4. Thinking-level DPO (T-DPO) + Iterative Self-training. Given the same prefix \(s_{1:t-1}\), positive \(s_t^+\) and negative \(s_t^-\) continuations for the same thinking step are compared: $\(L_{\text{T-DPO}}=-\mathbb{E}\big[\log\sigma(\beta\log\frac{\pi_\theta(s_t^+\mid s_{1:t-1})}{\pi_{ref}(s_t^+\mid s_{1:t-1})}-\beta\log\frac{\pi_\theta(s_t^-\mid s_{1:t-1})}{\pi_{ref}(s_t^-\mid s_{1:t-1})})\big]\)$ This is optimized alongside an SFT loss. Unlike TreePO/SPO which segments long sequences into many short fragments, MobileIPL uses the fixed CoaT-tree to model thinking, with values derived directly from rule rewards (avoiding unstable PRMs), making sampling and training more efficient.
5. Three-stage Instruction Evolution: Mitigating SFT overfitting and enhancing UI understanding. Since CoaT patterns become rigid after warm-up SFT, the authors use GPT-4o to generate three levels of Q&A based on real screenshots: Level I General GUI Q&A (grounding/referring/description), Level II Component functions and nested relationships (avoiding misidentifying textviews as buttons), and Level III Advanced FAQ (page structure, navigation expectations). These are manually filtered and mixed with original trajectories \(T\) for SFT, preventing static instruction overfitting and improving UI layout understanding via visually grounded Q&A. This expanded the sampling space from 4% to 31% and the correct answer ratio from 72.7% to 77.9%.
Key Experimental Results¶
Main Results¶
Performance on AITZ, AMEX, and AndroidControl benchmarks using Qwen2-VL-7B as the backbone, with Step.Acc as the primary metric:
| Benchmark | Key Comparison | MobileIPL | Strongest Baseline |
|---|---|---|---|
| AITZ (Total) | vs Falcon-UI-7B (3M GUI pre-training) | 69.15 | 69.10 |
| AITZ (Total) | vs Seed Model / Qwen2-VL-7B | 69.15 | 55.40 / 60.36 |
| AMEX (Overall) | vs SphAgent-7B (SOTA) | 74.29 | 70.71 (+3.58) |
| AMEX (Overall) | vs OS-Atlas / UI-Tars | 74.29 | 70.33 / 70.33 (+3.96) |
| AndroidControl (Step.Acc) | vs UI-Tars-7B / OS-Atlas | 72.7 | 72.5 / 71.2 |
| AndroidControl (Grounding) | vs Qwen2-VL-7B (SFT) | 77.0 | 68.5 (+8.5) |
On the AndroidControl OOD subsets (IDD / app-unseen / task-unseen), MobileIPL achieved 73.6 / 70.0 / 72.2, significantly outperforming OS-Atlas (71.2 / 60.7 / 66.2) and Qwen2-VL-GRPO (70.2 / 68.1 / 69.7).
Ablation Study¶
Ablation on AITZ Round 1 (MobileIPL-R1 = 65.4):
| Setting | Total | Δ |
|---|---|---|
| MobileIPL-R1 (Full) | 65.4 | — |
| − IPL (SFT only) | 60.4 | −5.0 |
| − Instruction Evo | 62.9 | −2.5 |
| − IPL Negatives | 61.4 | −4.0 |
| − IPL + Naive DPO (Full Trajectory) | 60.3 | −5.1 |
| 1/2 Training Data (R1) | 64.8 | −0.6 |
| 4/5 Training Data (R2) | 60.6 | −4.8 |
Key Findings¶
- IPL is core: Removing IPL causes a 5.0% drop; negative samples contribute 4.0%, suggesting they teach "how to reason" rather than simple memorization.

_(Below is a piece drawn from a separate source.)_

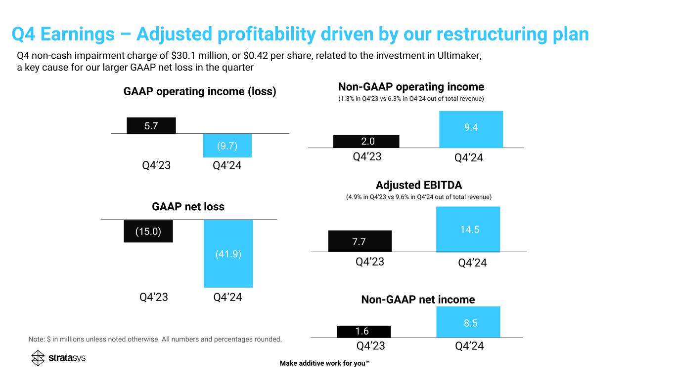 (15.0) )41.9( 5.7 (9.7) Non-GAAP operating income (1.3% in Q4’23 vs 6.3% in Q4’24 out of total revenue) GAAP operating income (loss) Non-GAAP net income GAAP net loss Note: $ in millions unless noted otherwise. All numbers and percentages rounded. Q4’23 Q4’24 14.5 7.7 8.5 Adjusted EBITDA (4.9% in Q4’23 vs 9.6% in Q4’24 out of total revenue) 2.0 9.4 1.6 Q4’23 Q4’24 Q4’23 Q4’24 Q4’23 Q4’24 Make additive work for you Q4 Earnings – Adjusted profitability driven by our restructuring plan Q4’23 Q4’24 Q4 non-cash impairment charge of $30.1 million, or $0.42 per share, related to the investment in Ultimaker, a key cause for our larger GAAP net loss in the quarter

- Thinking-level DPO outperforms Naive DPO: Using naive DPO on full trajectories dropped performance to 60.3%, lower than SFT with positive CoaT-tree samples (61.4%), validating the effectiveness of step-wise optimization.
- Efficient at low-resource: With half the data, the first round of IPL (64.8) already surpassed the best results of original CoaT-SFT and naive DPO.
- Best Efficiency-Performance Trade-off: MobileIPL (69.15, ~27 rollouts) outperforms SPO-Chain (68.03, ~54 rollouts) and GRPO (66.29, 8 rollouts).
- K=3 is the sweet spot: Increasing \(K\) from 3 to 4 increases tree nodes from 27 to 64 but yields less than 1% improvement.
Highlights & Insights¶
- Rule-based Rewards + Backpropagation as PRM Alternative: In mobile GUI scenarios where step-level labeling is extremely expensive, this bypasses the need for unstable PRMs by using smooth signals from CLICK distance and INPUT F1.
- α/β/γ Classification is a Clean Abstraction: It clearly defines which data to ignore (perfect), which to mine for contrast (mixed), and which to use for grounding (all wrong), using a value gap threshold to filter noise.
- Multi-turn Dialogue Addresses VLM Pain Points: It prevents image tokens from overwhelming text instructions, a critical observation for GUI agents compared to text-only CoT.
- Small Models Beating Large Pre-trained Models: By optimizing the thinking process, a 7B backbone with limited data can outperform models with millions of GUI pre-training samples like OS-Atlas/UI-TARS.
Limitations & Future Work¶
- Weak PRESS Actions: MobileIPL's PRESS accuracy on AITZ is significantly lower than some baselines (23.5 in R1), attributed to sample distribution issues.
- Handcrafted Reward Rules: Smooth rewards for CLICK/INPUT rely on manual \(v_{type}/v_{format}\) and distance normalization; other actions (SCROLL/STOP) only use binary 0/1 rewards.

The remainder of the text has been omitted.